La Tunisie dans un équilibre fragile à l’anniversaire de son printemps arabe

Cinq ans après la révolution de jasmin, la Tunisie a réussi sa transition démocratique sans parvenir à relancer son économie.

Une femme manifeste parti l’ancien président Ben Ali, renversé 14 janvier 2011Le 17 décembre 2010, l’immolation par le feu de Mohamed Bouazizi, un marchand ambulant de 26 ans, excédé par la misère et les brimades policières, déclenche un soulèvement populaire, couronné le 14 janvier 2011 par la chute du régime de Zine El Abidine Ben Ali.

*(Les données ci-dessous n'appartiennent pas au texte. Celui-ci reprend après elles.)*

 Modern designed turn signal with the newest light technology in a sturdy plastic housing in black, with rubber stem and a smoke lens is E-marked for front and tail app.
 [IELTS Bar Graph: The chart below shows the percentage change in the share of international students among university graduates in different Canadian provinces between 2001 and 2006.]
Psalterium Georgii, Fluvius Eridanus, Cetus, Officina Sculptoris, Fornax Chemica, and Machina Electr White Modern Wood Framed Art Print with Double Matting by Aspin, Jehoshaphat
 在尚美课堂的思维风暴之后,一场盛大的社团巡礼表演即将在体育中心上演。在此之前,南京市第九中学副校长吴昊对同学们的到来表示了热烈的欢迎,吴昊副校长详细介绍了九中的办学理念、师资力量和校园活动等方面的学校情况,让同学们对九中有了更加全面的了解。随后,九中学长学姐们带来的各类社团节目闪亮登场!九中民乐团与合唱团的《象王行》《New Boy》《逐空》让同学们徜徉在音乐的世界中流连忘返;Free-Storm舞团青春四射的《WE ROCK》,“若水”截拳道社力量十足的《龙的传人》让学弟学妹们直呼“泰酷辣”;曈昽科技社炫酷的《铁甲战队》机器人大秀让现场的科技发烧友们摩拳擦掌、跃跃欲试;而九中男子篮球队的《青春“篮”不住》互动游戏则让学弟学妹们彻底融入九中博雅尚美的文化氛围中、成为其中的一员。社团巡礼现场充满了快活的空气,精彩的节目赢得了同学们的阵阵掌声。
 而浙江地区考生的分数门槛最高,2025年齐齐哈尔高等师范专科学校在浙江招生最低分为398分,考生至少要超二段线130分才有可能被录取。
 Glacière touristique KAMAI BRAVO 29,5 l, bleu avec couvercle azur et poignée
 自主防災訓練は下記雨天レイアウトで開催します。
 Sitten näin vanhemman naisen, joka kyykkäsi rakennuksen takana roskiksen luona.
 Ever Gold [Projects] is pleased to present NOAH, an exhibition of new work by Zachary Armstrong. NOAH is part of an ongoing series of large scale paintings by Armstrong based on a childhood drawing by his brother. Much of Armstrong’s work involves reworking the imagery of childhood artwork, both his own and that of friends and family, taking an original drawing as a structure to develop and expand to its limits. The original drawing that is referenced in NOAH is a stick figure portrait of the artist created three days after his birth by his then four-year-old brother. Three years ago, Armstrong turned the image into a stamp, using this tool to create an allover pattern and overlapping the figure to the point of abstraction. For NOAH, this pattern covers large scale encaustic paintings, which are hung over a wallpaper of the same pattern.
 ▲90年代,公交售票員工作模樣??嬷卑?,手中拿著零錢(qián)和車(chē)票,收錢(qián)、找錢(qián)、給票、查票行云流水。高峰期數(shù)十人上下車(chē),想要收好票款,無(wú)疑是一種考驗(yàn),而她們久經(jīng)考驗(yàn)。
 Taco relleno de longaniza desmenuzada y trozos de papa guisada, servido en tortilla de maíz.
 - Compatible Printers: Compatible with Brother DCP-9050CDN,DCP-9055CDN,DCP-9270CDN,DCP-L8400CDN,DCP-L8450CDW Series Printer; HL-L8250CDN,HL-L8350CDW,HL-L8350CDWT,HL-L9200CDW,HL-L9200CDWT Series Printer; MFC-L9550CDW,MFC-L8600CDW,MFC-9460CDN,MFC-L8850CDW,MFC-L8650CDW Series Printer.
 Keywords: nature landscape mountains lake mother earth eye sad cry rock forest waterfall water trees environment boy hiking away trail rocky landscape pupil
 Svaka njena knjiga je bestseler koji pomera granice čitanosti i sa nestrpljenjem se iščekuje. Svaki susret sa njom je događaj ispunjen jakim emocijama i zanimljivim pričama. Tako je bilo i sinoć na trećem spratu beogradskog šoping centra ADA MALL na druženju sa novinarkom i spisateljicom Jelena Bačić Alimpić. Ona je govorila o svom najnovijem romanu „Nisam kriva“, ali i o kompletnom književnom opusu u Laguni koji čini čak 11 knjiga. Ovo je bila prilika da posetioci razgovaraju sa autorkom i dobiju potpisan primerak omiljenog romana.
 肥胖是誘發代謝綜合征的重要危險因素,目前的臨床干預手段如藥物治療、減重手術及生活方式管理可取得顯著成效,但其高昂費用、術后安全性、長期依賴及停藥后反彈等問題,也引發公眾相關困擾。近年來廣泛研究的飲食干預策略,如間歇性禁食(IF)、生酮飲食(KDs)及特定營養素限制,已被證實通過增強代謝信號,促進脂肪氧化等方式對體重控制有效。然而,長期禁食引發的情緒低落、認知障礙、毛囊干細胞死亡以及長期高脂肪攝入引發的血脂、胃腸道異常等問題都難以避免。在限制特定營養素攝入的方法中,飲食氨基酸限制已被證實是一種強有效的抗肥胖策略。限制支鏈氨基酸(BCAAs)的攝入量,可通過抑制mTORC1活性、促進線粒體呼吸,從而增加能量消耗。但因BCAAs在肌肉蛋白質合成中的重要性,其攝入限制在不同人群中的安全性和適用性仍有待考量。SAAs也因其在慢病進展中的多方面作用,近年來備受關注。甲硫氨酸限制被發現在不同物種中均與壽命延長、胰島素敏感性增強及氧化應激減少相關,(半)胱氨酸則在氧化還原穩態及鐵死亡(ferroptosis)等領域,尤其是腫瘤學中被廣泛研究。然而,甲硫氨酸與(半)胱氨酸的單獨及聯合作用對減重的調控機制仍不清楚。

Cinq ans plus tard, le pays a célébré, jeudi, sans faste particulier cet anniversaire. Le pouvoir peut être satisfait d’avoir réussi sa transition démocratique. Les artisans du changement ont été salués par la communauté internationale et l’ octroi du prix Nobel de la Paix pour le chemin parcouru. Non sans écueils.

En mars, puis en juin, et enfin en novembre, la Tunisie a été la cible à trois reprises du terrorisme. Deux attentats, l’un au musée du Bardo à Tunis, l’autre sur une plage à Sousse, devant un hôtel international ont fait plus d’une soixantaine de morts et montré que le pays n’était nullement à l’abri d’actes insensés. Une autre attaque, dans un bus de la garde présidentielle en plein centre-ville de Tunis, a fait une douzaine de morts en novembre . Sanglantes, barbares, ces attaques sont intervenues trop tard pour espérer changer le cours des choses car le processus était enclenché depuis longtemps déjà. La Tunisie a adopté, en 2014, une nouvelle Constitution, puis organisé des élections législatives, remportées par le parti nouveau anti-islamiste Nidaa Tounès devant les islamistes d’Ennahda, majoritaires jusqu’alors. En décembre, Béji Caïd Essebsi a été élu au suffrage universel.

Désillusion

La transition politique serait un franc succès si l’économie suivait. La Tunisie a pour elle d’avoir une population jeune, bien formée et d’être située à proximité de l’Union européenne. Et pourtant. Le taux de chômage est supérieur à 15 % et dépasse même 30 % chez les jeunes diplômés. Après la révolution de Jasmin, c’est la désillusion qui s’installe petit à petit. « Les études ne mènent plus à rien » se lamente une jeunesse qui se sent aujourd’hui flouée. La liberté, c’est bien mais elle ne donne pas à manger, peut-on entendre. Et la menace djihadiste qui plane sur le pays- à la frontière de la Libye- ne fait rien pour arranger les choses.

Alors que 2015 devait être synonyme de reprise, les 3% de hausse du PIB attendus grâce notamment à l’apaisement du climat politique et social à la faveur des élections générales ne seront pas au rendez vous. L’économie ne devrait même pas progresser dans les mêmes proportions qu’en 2014 (+2,4 %). En cause notamment, l e coup d’arrêt porté au tourisme, un pan essentiel de l’activité. Il entre -officiellement- pour 7 % dans le PIB et emploie pas moins de 12 % de la population. L’effet est très net: le nombre de nuitées enregistrées à fin octobre est en chute de 44,7 % par rapport à l’an dernier à pareille époque selon le ministère du tourisme. Ce sont surtout les Européens qui font défection, Selon les voyagistes qui vendent surtout des forfaits -avion + séjour- la Tunisie a été l’une des destinations les plus sinistrées avec une baisse de 51,6 % de ce type de clientèle depuis un an. Simple effet d’aubaine ou solidarité affichée? Les touristes algériens ont en partie pris le relais des Européens en multipliant les séjours balnéaires.